At the same time we want to ask, do we maintain or reduce the size of Parliament to 100 MPs?

This was announced at New Zealand First’s 2017 Convention on July 16 in Auckland. The decision is a stand for equality regardless of race, gender or background.

In recent times, the Maori seats have come under scrutiny for their usefulness in serving the lives of ordinary Maori.

In fact, the seats are contributing to Maori being side-lined on important social and economic issues.

This is because the Maori seats are a form of tokenism that prevents Maori from being taken seriously.

The plight of Maori is serious and New Zealand First will not stand by, like National and Labour have done for fear of political correctness, while Maori continue to be overrepresented in negative statistics.

Poor health and a low level of home ownership are indicators of a low standard of living, and Maori have featured disproportionately in these statistics compared with others for many years.

Maori home ownership has fallen by 38 per cent, and Maori continue to feature highly in prison populations.

Clearly the Maori seats worked once but recently the seats have not improved Maori lives.

It’s time for New Zealanders to decide whether this oddity of colonial times should stay or go.

Many Maori know the seats aren’t working for them and today the majority of the entitled Maori roll voters are nevertheless on the general roll.

When MMP was first mooted in 1986, a Royal Commission recommended the Maori seats be abolished, recognising Maori would gain many more MPs if MMP was in place, however the seats remained.

By 2014, 22 per cent of MPs identified as Maori in their background.

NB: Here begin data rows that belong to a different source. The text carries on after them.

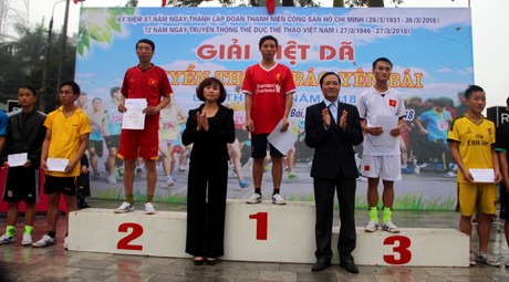 ![]() VĐV Hờ A Chú (Trường Cao đẳng nghề) giành giải nhất nam chính. | ![]() VĐV Hoàng Thị Kim Oanh (thành phố Yên Bái) giành giải nhất nữ chính. |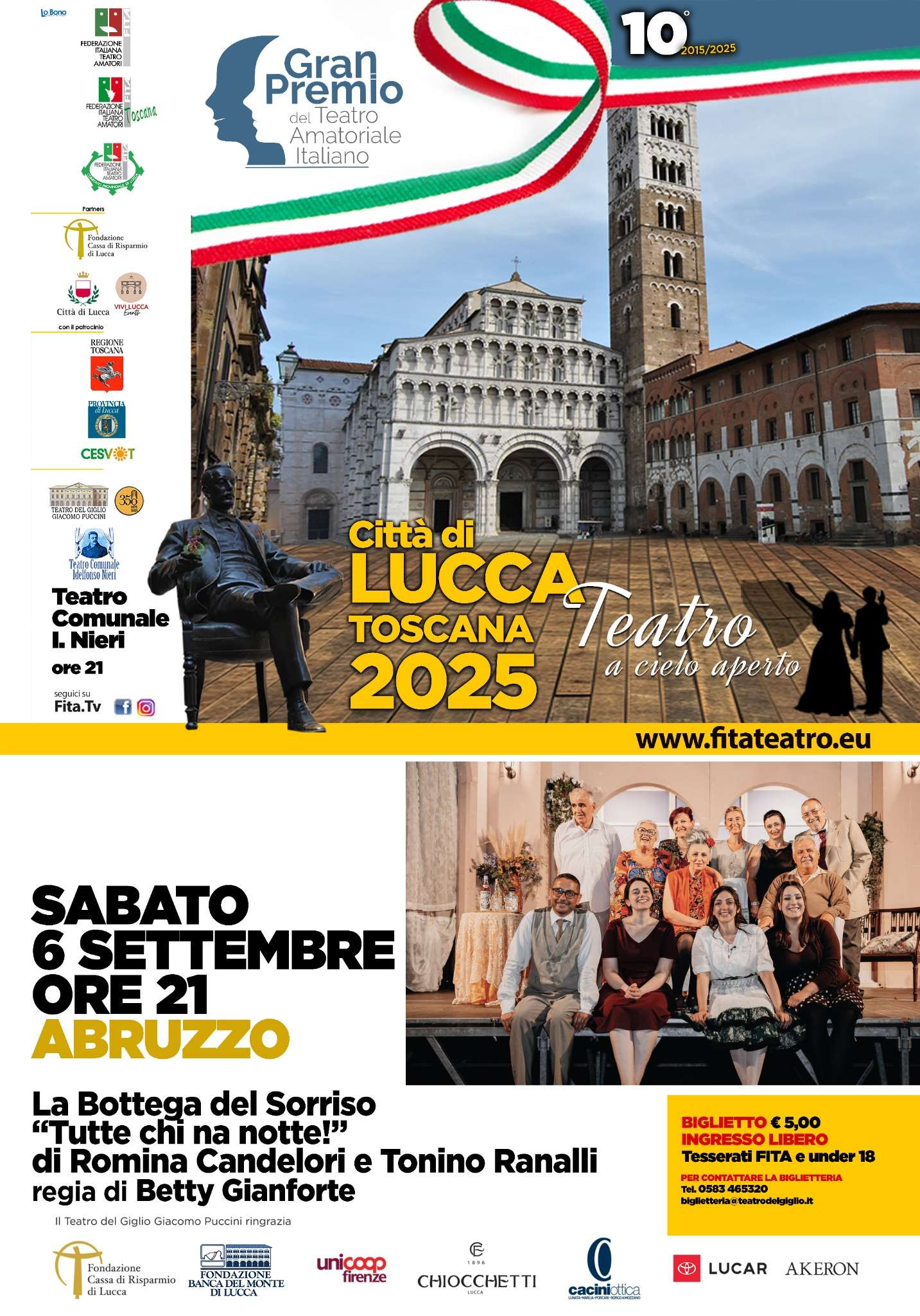 Dopo un’estate trascorsa sulle piazze abruzzesi, la Compagnia Teatrale “La Bottega del Sorriso” di Castelnuovo Vomano, parte per un’altra bellissima avventura. Selezionata dalla FITA (Federazione Italiana Teatro Amatoriale) Abruzzo, rappresenterà la nostra Regione nel Gran Premio Del Teatro Amatoriale Italiano in Toscana. Sedici compagnie di altrettante regioni italiane si stanno esibendo sul palcoscenico del prestigioso Teatro Nieri di Lucca, nella rassegna iniziata il 5 aprile e che si concluderà il 16 novembre con la premiazione dei migliori. La Bottega opera da ventinove anni sul territorio cercando di preservare la cultura, gli usi e i costumi della nostra terra con l’uso del dialetto. Innumerevoli i premi raccolti in questi anni ed un crescente consenso da parte di pubblico e critica l’hanno portata ad essere scelta come portabandiera del nostro Abruzzo in questa prestigiosa rassegna. La commedia che porterà in scena a Lucca è “Tutte chi na notte” di Romina Candelori e Tonino Ranalli, un giallo tragicomico. Anni Trenta, siamo in una località dell’Abruzzo montano, precisamente sul Gran Sasso. Una notte buia e tempestosa, la bufera di neve che infuria senza tregua e un gruppo di persone – personale di servizio e clienti – rimasto isolato in un albergo. Al culmine della nottata, tra lampi e tuoni, salta la corrente elettrica e, come spesso accade in questi casi… meglio non svelare troppo. Lasciamo al pubblico il gusto della suspense, l’incertezza di ciò che è già accaduto e di ciò che sta per succedere. Tra i personaggi – alcuni davvero particolari – emergono divergenze, vecchi rancori, amori mai sopiti, ambizioni e fragilità. Una vicenda apparentemente semplice, ma in realtà intricata, che fa sorridere e, allo stesso tempo, tiene con il fiato sospeso.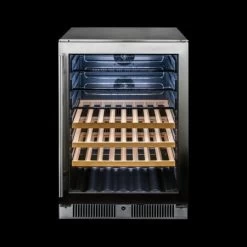 Sleek beverage center easily transforms into a wine fridge with added bamboo shelving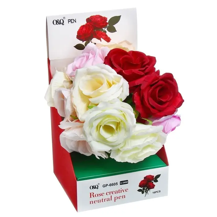 Ручка гелевая-прикол "Большая роза", штрихкод на штуке, микс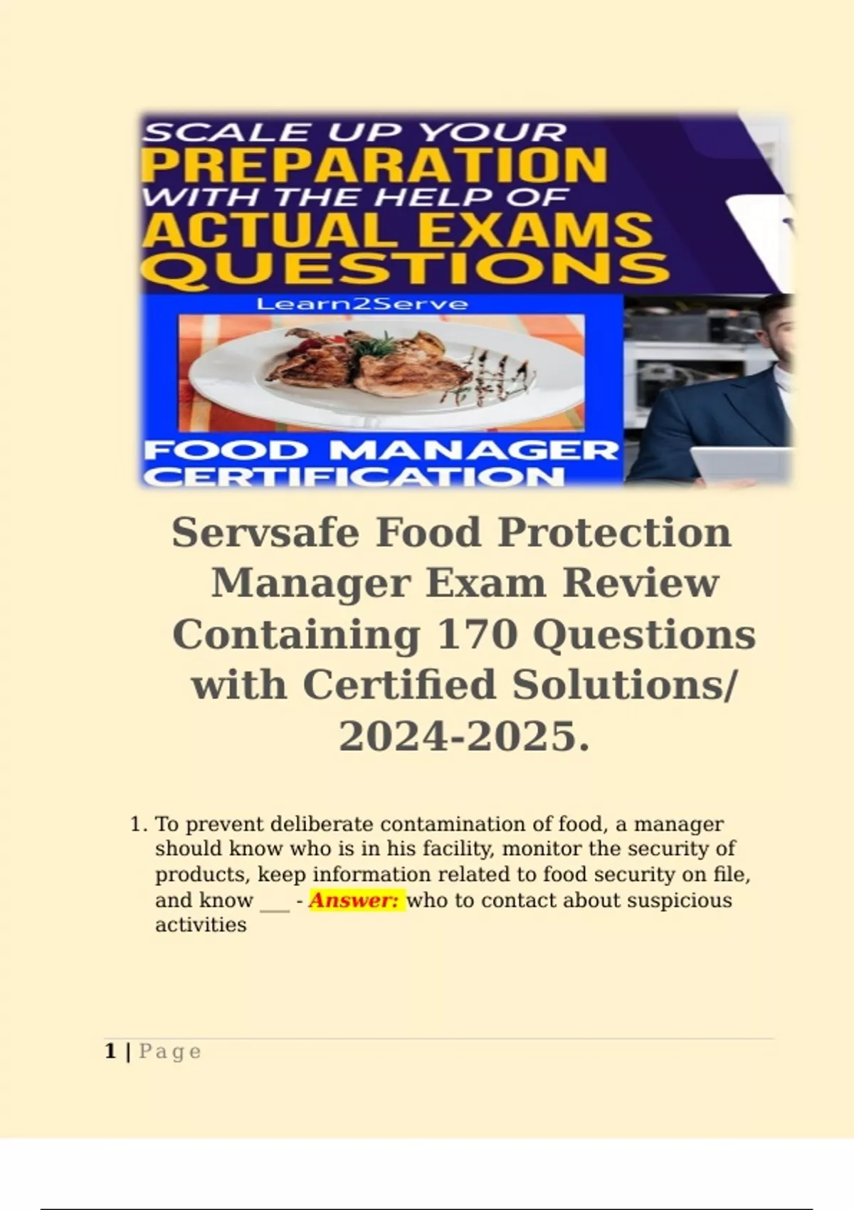 Servsafe Food Protection Manager Exam Review Containing 170 Questions with Certified Solutions/ .
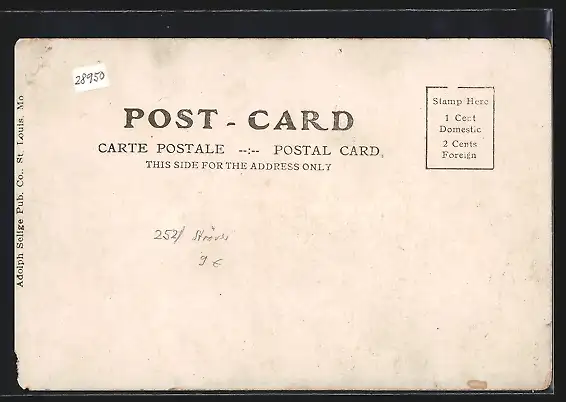 Personenbezogene Daten auf der Rückseite der Karte wurden durch blauen Textmarker unkenntlich gemacht. Die blauen Stellen sind auf die Vorderseite durchgeweicht und wirken sich negativ auf das Postkartenfoto aus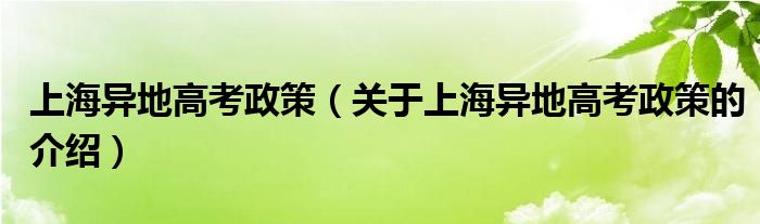 上海異地高考政策(關于上海異地高考政策的介紹)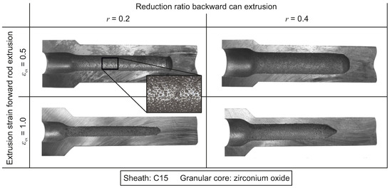 The cracks at the inner surface stem at the one hand from the pre-strained material, as they are not observed when using drilled steel cans for the same parameter combinations [18]. Especially the material at the inner surface of the cups exhibits the highest amount of strain hardening during backward can extrusion as shown in the process simulation (Figure 15). At the other hand, also the material behaviour of the granular core plays an important role, as no defects are observed when using zirconium oxide as a core material. As presented in Section 4.2, quartz sand has a higher shear yield limit than zirconium oxide beads, and thus transmits higher loads in axial direction to the steel sheath. As hydrostatic tensile stresses are highest at the centre of the workpiece during forward rod extrusion, the defects only occur for higher wall thicknesses.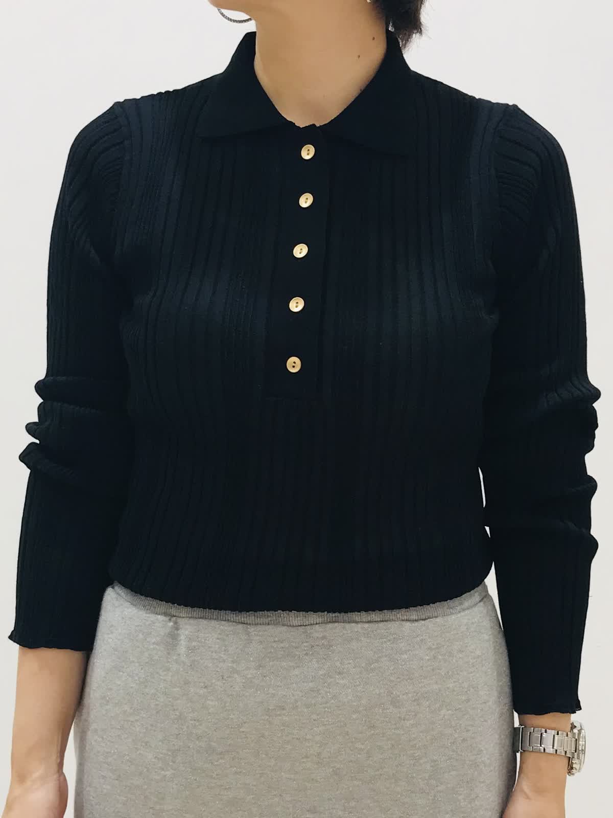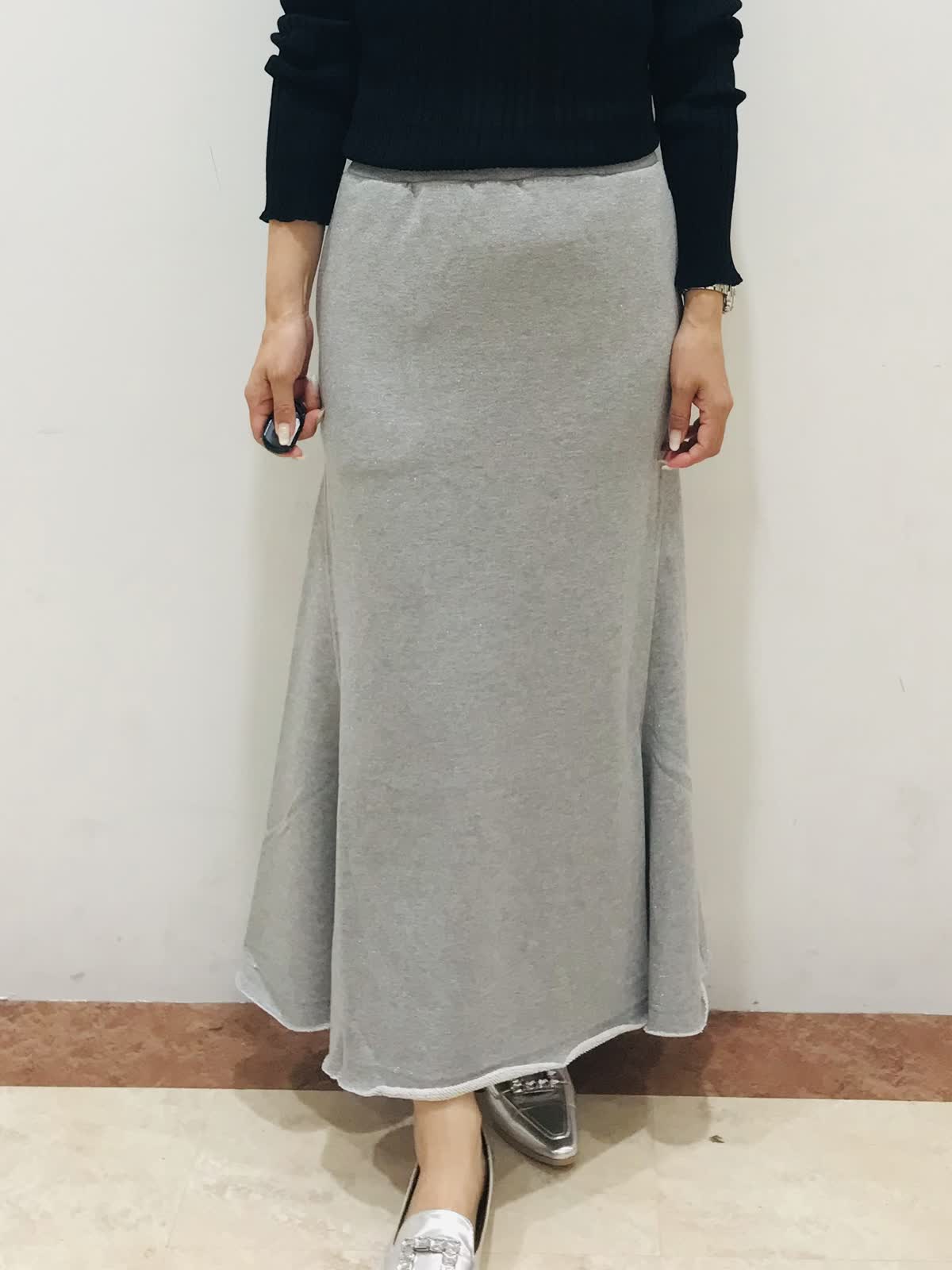 上品なシアー感が大人っぽいポロニットです。ピッタリし過ぎない程よいフィット感がおすすめポイントです。スエットロングスカートと合わせカジュアル過ぎず大人な印象を与えますよ。腰周りはスッキリと裾にかけてフレアが出るシルエットです。ウエストゴム仕様なのでストレスフリーなのもおすすめポイントです。

New Zealand First won all the Maori seats in 1996 but as part of the National coalition government we discovered there was no mood to better the lives of ordinary Maori.

We soon found also that some of our Maori MPs holding Maori sets lapsed into regarding Maori within the caucus as the A team and the rest the B team.

In 2001 New Zealand First asked all its Maori members for their view on the effectiveness of the Maori seats under MMP. We got a resounding message and from 2002 we have not stood anyone in the Maori seats, preferring to promote people regardless of their ethnic background.

Set up in 1867, the Maori seats were put in place for five years as a temporary measure to give time for a unified electoral system. That five years was extended twice, the second time never thereafter to be addressed.

The seats have now been in place for 150 years and we think it’s time for a change and a new way of thinking.